Variable is 46 bps higher today. For variable to come out ahead, the BoC needs to cut another ~50 bps through 2026 and hold there. That is roughly the bond market consensus — meaning variable and fixed should end the 5-year term at roughly the same total interest cost.

The decision becomes about risk preference:

  • Choose fixed if budget certainty matters more than potential savings
  • Choose variable if you think rates fall faster than the market expects, or if you may sell/refinance within 24 months (variable penalties are far smaller)
  • Consider a 3-year fixed as the middle path — locked rate but shorter commitment, currently the lowest term at ~4.29%

Renewal Wave Math

Roughly 2.4 million Canadian mortgages renew between 2026 and 2027. Most of those were originated at sub-3% rates in 2020-2022. Average payment shock at renewal:

  • 20-30% payment increase for those moving 5-yr fixed → 5-yr fixed
  • 10-15% payment increase for those choosing 3-yr fixed at today's rates
  • 15-20% for variable-to-variable borrowers

Strategies to manage:

  1. Start renewal shopping 4-6 months out
  2. Compare 3-yr and 5-yr fixed before defaulting to 5-year
  3. Negotiate — your bank's first offer is rarely competitive with broker-channel rates
  4. Extend amortization if cash flow is the binding constraint
  5. Refinance debt if you are also carrying high-interest balances elsewhere

What Could Change the Forecast

Two scenarios that would move rates meaningfully:

Lower scenario (rates drop another 50-100 bps):

  • Sharp economic slowdown, US recession, oil price collapse
  • Inflation drops convincingly back to 2% target
  • BoC cuts aggressively to support growth

Higher scenario (rates rise 50-100 bps):

  • Inflation re-accelerates (energy, tariffs, wages)
  • US Federal Reserve hikes, dragging Canadian bonds higher
  • Federal deficit worsens, more bond supply

The base case for 2026 remains: small further cuts, fixed rates roughly flat, variable slightly cheaper than today.

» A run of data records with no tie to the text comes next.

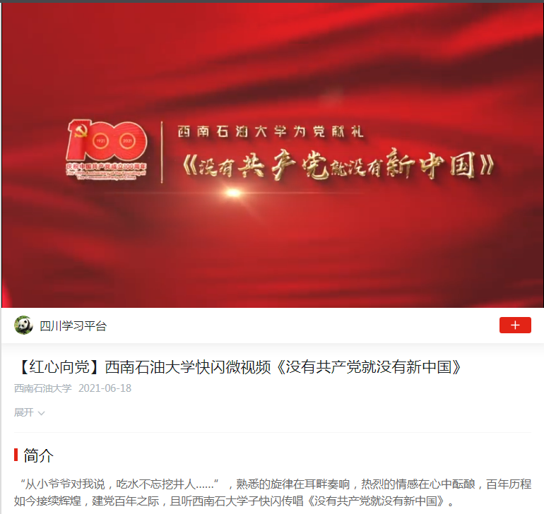 “從小爺爺對我說,吃水不忘挖井人……”,熟悉的旋律在耳畔奏響,熱烈的情感在心中醞釀,百年歷程如今接續輝煌,建黨百年之際,且聽西南石大學子快閃傳唱《沒有共產黨就沒有新中國》。
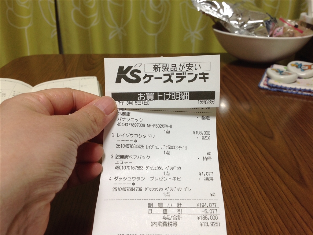 『レシートです。』パナソニック NR-F502XPV ごんちゃん201705さんのクチコミ掲示板画像1/1
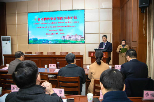 12月18日,中泰动物传染病防控学术论坛在文汇路校区兽医学院二楼报告厅举办。副校长陈国宏出席论坛并致辞。泰国农业大学兽医学院院长Khongsak Thiangtum、副院长Tanu Pinyopummintr等出席论坛。
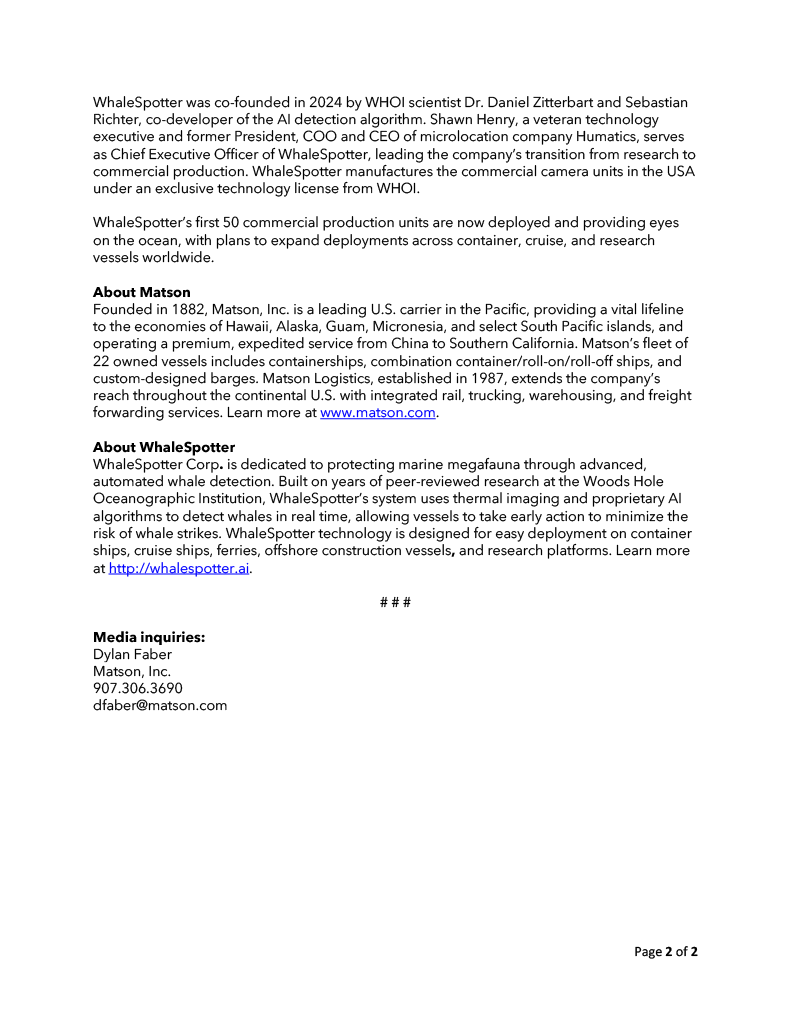 Member of the Year: MATSON
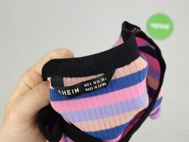 Top crop w paski SHEIN - Fason: bez rękawów, cropped, okrągły dekolt, dopasowany - Wzór: wielokolorowe, poziome paski (odcienie rdza/brąz, zieleń, żółty, fiolet, biel) - Materiał: prążkowana dzian...
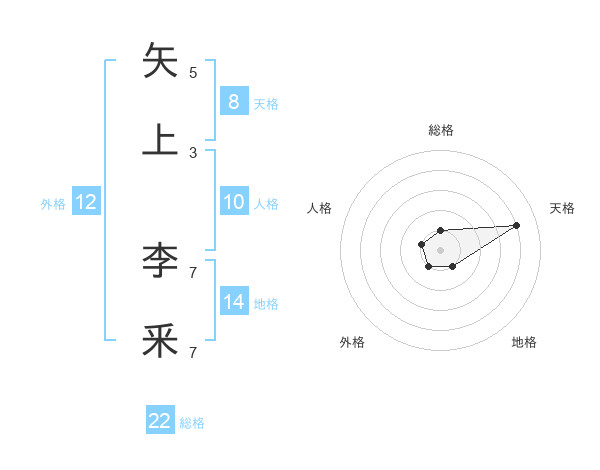 矢上 李釆さんの総格は22画の1点!

Action Plan for 2026 Borrowers

  1. Get a 120-day rate hold if you are buying — protects you from any upside move
  2. Run both fixed and variable scenarios before committing
  3. If renewing, start 4-6 months early and shop with a broker
  4. Do not chase the bottom — perfect timing is impossible; a good rate today beats waiting for a slightly better rate next quarter
  5. Build a rate-shock buffer — assume your renewal in 2031 could be 100 bps higher than today's rate; if that breaks your budget, choose a longer fixed term now

The trend in 2026 is one of stability after volatility. For most Canadian borrowers, that means making rational decisions on the rates that exist today rather than speculating about where they go next.